アニー賞受賞イラストレーター・上杉忠弘の次なる展開
2010年8月6日 15:13
[映画.com ニュース] ヘンリー・セリック監督によるストップモーション・アニメ「コララインとボタンの魔女 3D」のブルーレイ&DVDが8月6日に発売。同作でキャラクターや建物などのデザインコンセプトを手がけ、アニメ界のアカデミー賞と言われるアニー賞で日本人初の美術賞を受賞したのが、これまで女性誌のイラストや企業広告といった分野で活躍してきたイラストレーターの上杉忠弘だ。
自身にとって初めての映画の仕事で、アニー賞受賞という快挙を成し遂げた上杉だが「出来上がった映画は、今でも客観的に見られないですね(笑)。傑作にかかわったスタッフには、“真っ白な状態で傑作を鑑賞できない”という不幸もあるんだということを発見しました(笑)」と現在の心境を告白する。

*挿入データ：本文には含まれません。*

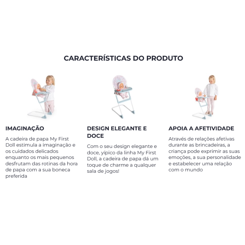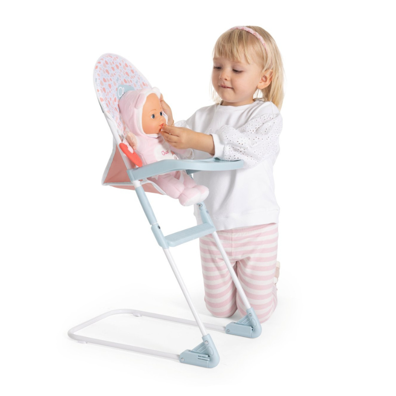 Esta cadeira de papa, integrada na linha My First Doll, foi concebida para enriquecer o universo do brincar simbólico. Com um design detalhado e funcional, permite às crianças recriarem momentos do dia a dia, como a hora da refeição, de forma realista e envolvente.

上杉は、1950~60年代のアメリカのイラストレーションに影響を受けたタッチを持ち味とし、米アニメ業界でも以前からその存在が話題になっていた。「2005年ごろに、絵描きが集まるアメリカのサイトで、僕のイラストが話題になったようです。変な絵を描く日本人がいるぞ、みたいな(笑)。『コラライン』をやり始めたころには、ピクサー買収前のディズニーのプロデューサーから『2Dアニメーションを復活させたいので協力しないか?』というオファーもありました」
セリック監督も上杉の才能にほれ込み、オファーしたひとり。上杉は、監督の魅力について「アメリカの映画界からすると、かなり異端な人なんじゃないかと思います。なにせ、ヤン・シュバンクマイエルやクエイ兄弟といった、カルトな映像作家好きですしね。そういう趣向が根底にありながら、商業ベースにのっかれる境界線でバランスを取ってやっているのが面白い」と大いに刺激を受けたようだ。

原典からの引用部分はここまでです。